Re: Improving Airflow SLAs
About de-coupling the SLA management process, I've had conversations in the
direction of renaming the scheduler to "supervisor" to reflect the fact
that it's not just scheduling processes, it does a lot more tasks than just
that, SLA management being one of them.
I still think the default should be to require a single supervisor that
would do all the "supervision" work though. I'm generally against requiring
more types of nodes on the cluster. But perhaps the supervisor could have
switches to be started in modes where it would only do a subset of its
tasks, so that people can run multiple specialized supervisor nodes if they
For the record, I was thinking that renaming the scheduler to supervisor
would likely happen as we re-write it to enable multiple concurrent
supervisor processes.

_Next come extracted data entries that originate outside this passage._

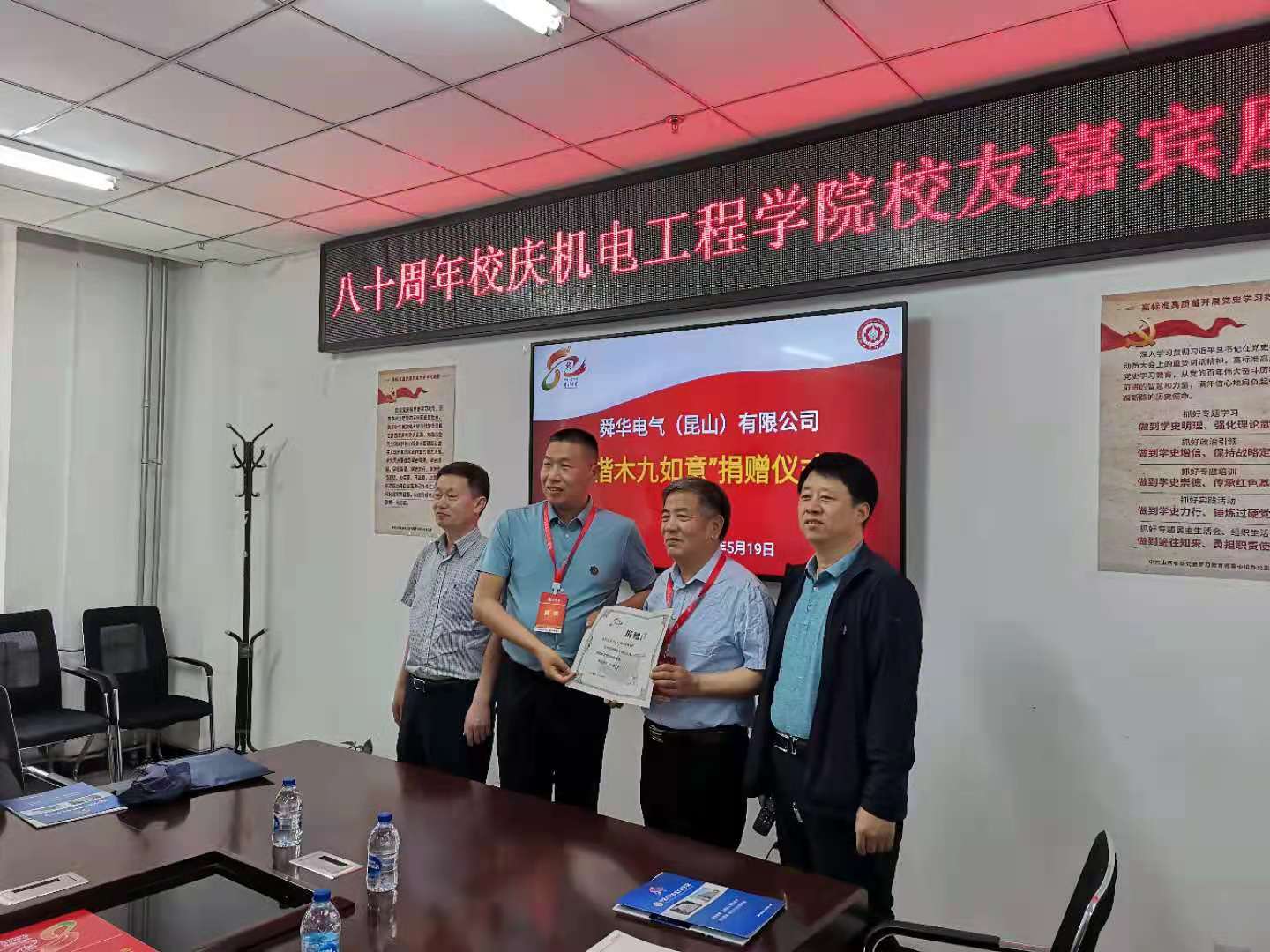 校庆期间,机电工程学院校友以多种方式表达了对学校和学院的祝福。其中,马为民为学院捐赠“秋韵”图一幅,张家富为学院捐赠掐丝珐琅一件,00013B1班、00014B1班为学院捐赠“闻道处”纪念石一块等。
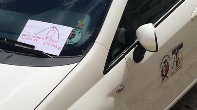 IL FATTO: Un’auto del Comune di Spoleto blocca la rampa per l’accesso dei disabili al polo sanitario di San Carlo. E un ragazzino in carrozzina lascia un disegno sul parabrezza: “Sono invalido, lasciami passare grazie”.
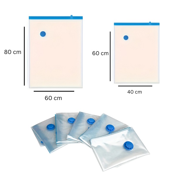Ξεμένετε από χώρο στην ντουλάπα; Δυσκολεύεστε να χωρέσετε τα πάντα στη βαλίτσα σας; Οι σακούλες αποθήκευσης κενού αέρος VACKBAGS συμπιέζουν τα ογκώδη αντικείμενά σας έως και 80%, δίνοντάς σας άμεσα χώρο για ό,τι έχει σημασία. Απλώς συσκευάστε τα ρούχα ή τα κλινοσκεπάσματα, σφραγίστε τη σακούλα και χρησιμοποιήστε οποιαδήποτε οικιακή ηλεκτρική σκούπα για να αφαιρέσετε τον αέρα – διαρκεί λιγότερο από 60 δευτερόλεπτα. Περισσότερος χώρος, λιγότερη ακαταστασία, καθόλου κόπος.

It turns out that parallelizing the scheduler hasn't
been as critical as I thought it would be originally, especially with the
current multi-process scheduler. Sounds like the community is getting a lot
of mileage out of this current multi-process scheduler.

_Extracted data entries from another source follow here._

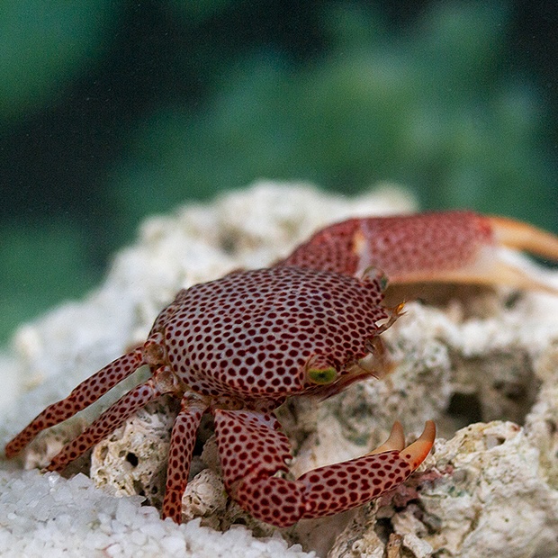 Deze symbiotische krab is een uitstekende toevoeging aan een rifaquarium met levende koralen. Hij leeft harmonieus binnen kolonies van vertakkende koralen en kan bijdragen aan de gezondheid van het koraal door het oppervlak schoon te houden van detritus en kleine parasieten.
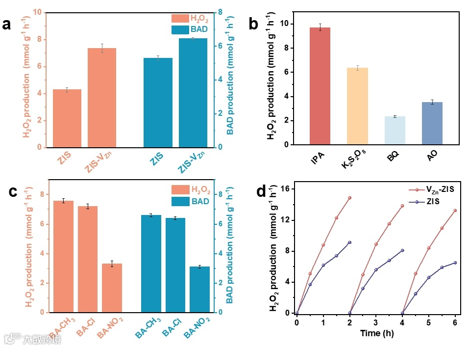 (2) ZnIn2S4锌空位催化剂(ZIS-VZn)在光催化合成过氧化氢和有机物氧化反应中展现出超高效率。
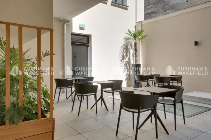 Architecture moderne sans dégradé le charme de l'haussmannien, tel est l'atout de charme de cette offre de bureaux loués en prestation de services.
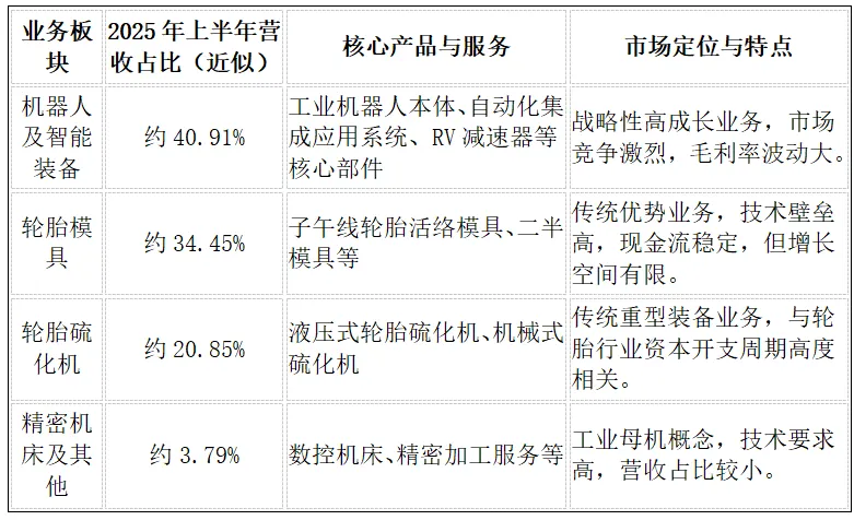 一家从传统轮胎模具制造转型至工业机器人和人形机器人概念的上市公司,虽然紧抓前沿科技热点,但近年来业绩持续低迷,财务压力巨大,且存在控股股东信息披露违规等治理风险,属于高风险、高波动的转型标的,其估值逻辑完全依赖于RV减速器和人形机器人概念的最终兑现。
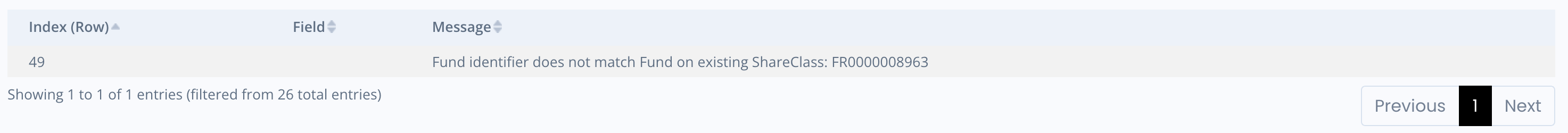 If any of the aforementioned fields are missing in the file, an error message will be raised saying that mandatory information is missing and will not create the share class
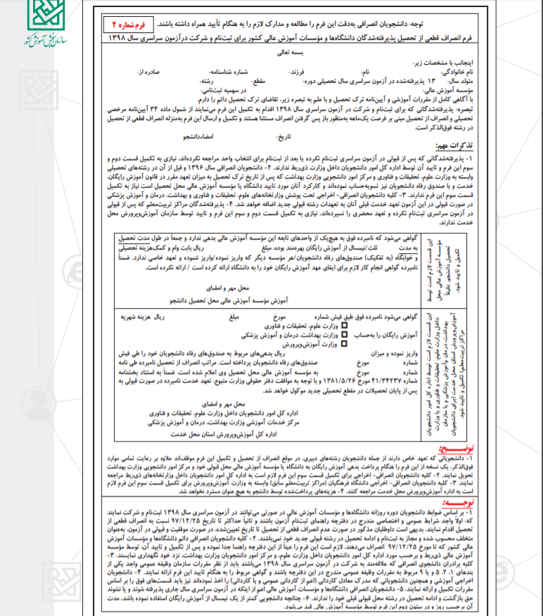 ✔️ همون طور که در این مقاله به طور کامل گفتیم درصورتی که تا 25 اسفند ماه انصراف بده میتونه در کنکور سراسری ثبت نام کنه .

On Thu, May 3, 2018 at 7:31 AM, Jiening Wen <jieningwen@xxxxxxxxxxx> wrote:
> I would love to see this proposal gets implemented in airflow.
> In our case duration based SLA makes much more sense and I ended up adding
> a decorator to the execute method in our custom operators.
> Best regards,
> -----Original Message-----
> From: James Meickle [mailto:jmeickle@xxxxxxxxxxxxxx]
> Sent: Wednesday 02 May 2018 9:00 PM
> To: dev@xxxxxxxxxxxxxxxxxxxxxxxxxxxx
> Subject: Improving Airflow SLAs [External]
> At Quantopian we use Airflow to produce artifacts based on the previous
> day's stock market data. These artifacts are required for us to trade on
> today's stock market. Therefore, I've been investing time in improving
> Airflow notifications (such as writing PagerDuty and Slack integrations).
> My attention has turned to Airflow's SLA system, which has some drawbacks
> for our use case:
> 1) Airflow SLAs are not skip-aware, so a task that has an SLA but is
> skipped for this execution date will still trigger emails/callbacks. This
> is a huge problem for us because we run almost no tasks on weekends (since
> the stock market isn't open).
> 2) Defining SLAs can be awkward because they are relative to the execution
> date instead of the task start time. There's no way to alert if a task runs
> for "more than an hour", for any non-trivial DAG. Instead you can only
> express "more than an hour from execution date". The financial data we use
> varies in when it arrives, and how long it takes to process (data volume
> changes frequently); we also have tight timelines that make retries
> difficult, so we want to alert an operator while leaving the task running,
> rather than failing and then alerting.
> 3) SLA miss emails don't have a subject line containing the instance URL
> (important for us because we run the same DAGs in both staging/production)
> or the execution date they apply to. When opened, they can get hard to read
> for even a moderately sized DAG because they include a flat list of task
> instances that are unsorted (neither alpha nor topo). They are also lacking
> any links back to the Airflow instance.
> 4) SLA emails are not callbacks, and can't be turned off (other than either
> removing the SLA or removing the email attribute on the task instance). The
> way that SLA miss callbacks are defined is not intuitive, as in contrast to
> all other callbacks, they are DAG-level rather than task-level. Also, the
> call signature is poorly defined: for instance, two of the arguments are
> just strings produced from the other two arguments.
> I have some thoughts about ways to fix these issues:
> 1) I just consider this one a bug. If a task instance is skipped, that was
> intentional, and it should not trigger any alerts.
> 2) I think that the `sla=` parameter should be split into something like
> `expected_start`: Timedelta after execution date, representing when this
> task must have started by.
> `expected_finish`: Timedelta after execution date, representing when this
> task must have finished by.
> `expected_duration`: Timedelta after task start, representing how long it
> is expected to run including all retries.
> This would give better operator control over SLAs, particularly for tasks
> deeper in larger DAGs where exact ordering may be hard to predict.
> 3) The emails should be improved to be more operator-friendly, and take
> into account that someone may get a callback for a DAG they don't know very
> well, or be paged by this notification.
> 4.1) All Airflow callbacks should support a list, rather than requiring a
> single function. (I've written a wrapper that does this, but it would be
> better for Airflow to just handle this itself.)
> 4.2) SLA miss callbacks should be task callbacks that receive context, like
> all the other callbacks. Having a DAG figure out which tasks have missed
> SLAs collectively is fine, but getting SLA failures in a batched callback
> doesn't really make much sense. Per-task callbacks can be fired
> individually within a batch of failures detected at the same time.
> 4.3) SLA emails should be the default SLA miss callback function, rather
> than being hardcoded.
> Also, overall, the SLA miss logic is very complicated. It's stuffed into
> one overloaded function that is responsible for checking for SLA misses,
> creating database objects for them, filtering tasks, selecting emails,
> rendering, and sending. Refactoring it would be a good maintainability win.
> I am already implementing some of the above in a private branch, but I'd be
> curious to hear community feedback as to which of these suggestions might
> be desirable upstream. I could have this ready for Airflow 2.0 if there is
> interest beyond my own use case.